The Spark UI and Spark History Server are only accessible from within your VPC. To access them, you should port-forward into a bastion host within the VPC. Port forward to 4040 for the active application and 18080 for past applications.
JAR Job Logs
By default, JAR Jobs use log4j. Logs are available in the Onehouse console, under the monitoring tab of the Job run details page.
Python Job Logs
For Python Job logs to appear up on Onehouse console, the logs must be formatted with log4j. This must be added in the Job code.

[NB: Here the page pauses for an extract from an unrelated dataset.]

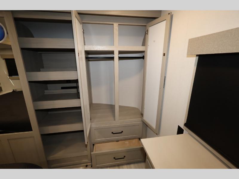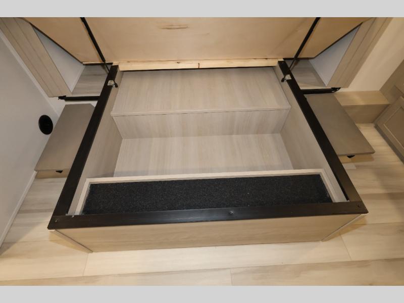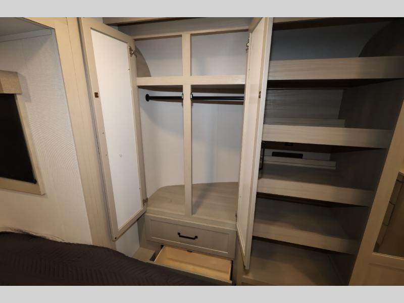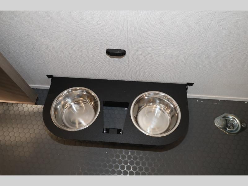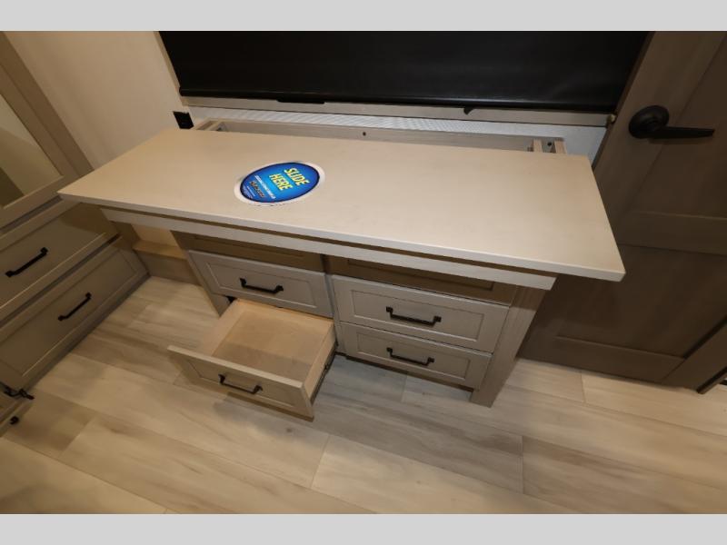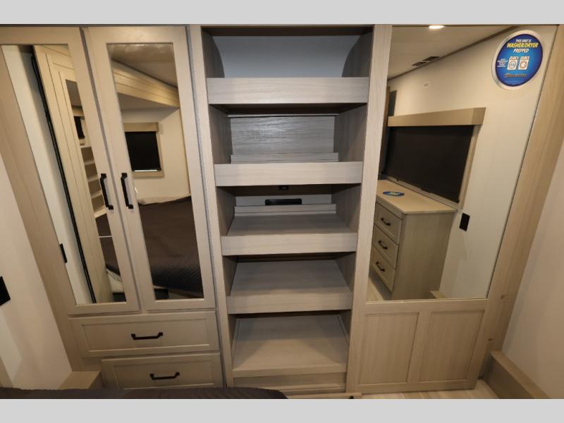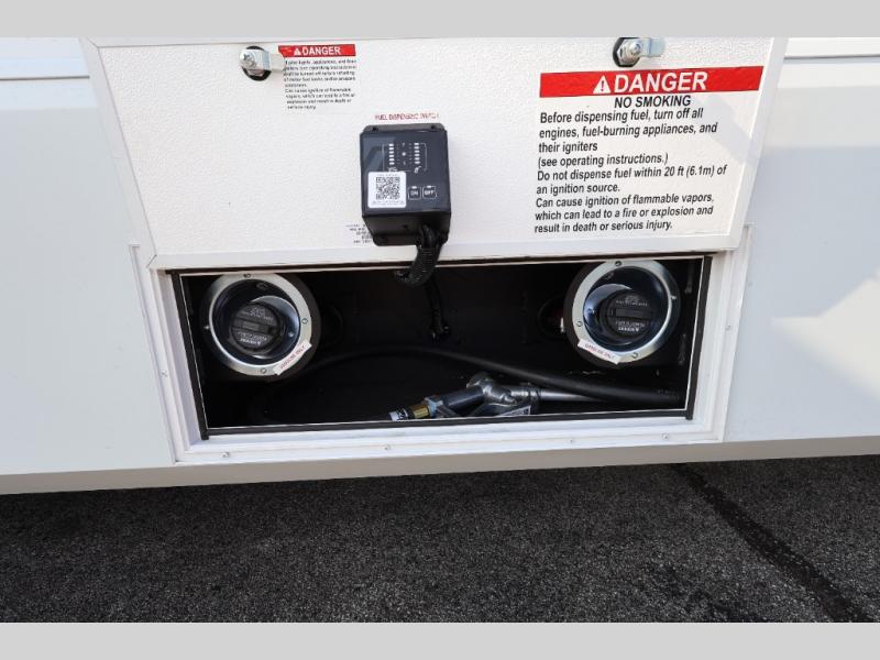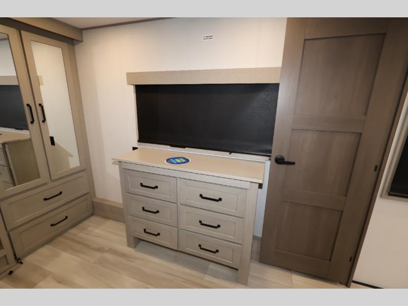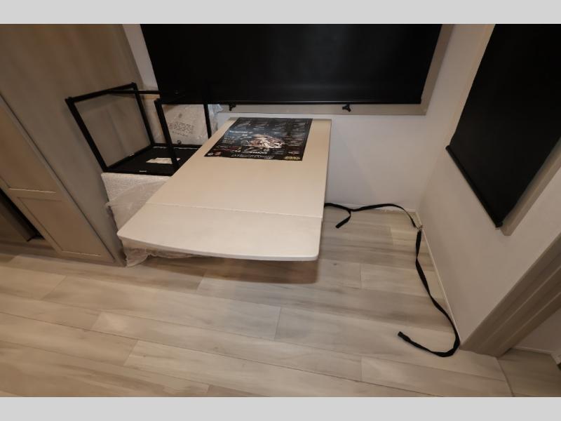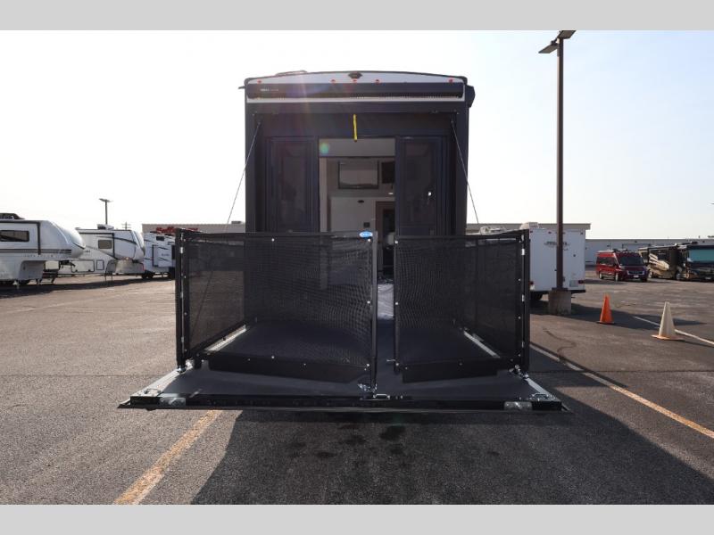 Any time spent in this spacious toy hauler will be time well spent! The 14' garage includes an overhead loft bed and a flip-up pet dish for your furry friends. If you're needing more sleeping space, you might want to choose the optional Happi-Jac rollover sofas and table with a drop down bed and optional half bath! Once you enter in the main living area, you can relax on the tri-fold sofa or theater seating across from the fireplace, and there is a free-standing dinette if you want to play a game or two. The chef of your group will love the generous counter space in the kitchen, and the dual entry bath will let everyone stay clean throughout your trip! Head to the front master bedroom to enjoy the queen bed slide out with an optional king bed, a slide top dresser with TV prep, plus a large front closet, complete with washer and dryer prep!

One simple way is to add the following class in the Job Code:
from pyspark.sql import SparkSession
from typing import Optional
class LoggerProvider:
def get_logger(self, spark: SparkSession, custom_prefix: Optional[str] = ""):
log4j_logger = spark._jvm.org.apache.log4j # noqa
return log4j_logger.LogManager.getLogger(custom_prefix + self.__full_name__())
def __full_name__(self):
klass = self.__class__
module = klass.__module__
if module == "__builtin__":
return klass.__name__ # avoid outputs like '__builtin__.str'
return module + "." + klass.__name__
Then, the class that runs Spark should inherit the LoggerProvider
, like the below sample code. Finally, you should print all logs using self.logger
:
class SampleApp(LoggerProvider):
def __init__(self):
self.spark = SparkSession.builder \
.appName("SampleApp") \
.getOrCreate()
self.logger = self.get_logger(self.spark)
def run(self):
self.logger.info("Starting the application")
# Main code
self.spark.stop()
if __name__ == "__main__":
app = SampleApp()
app.run()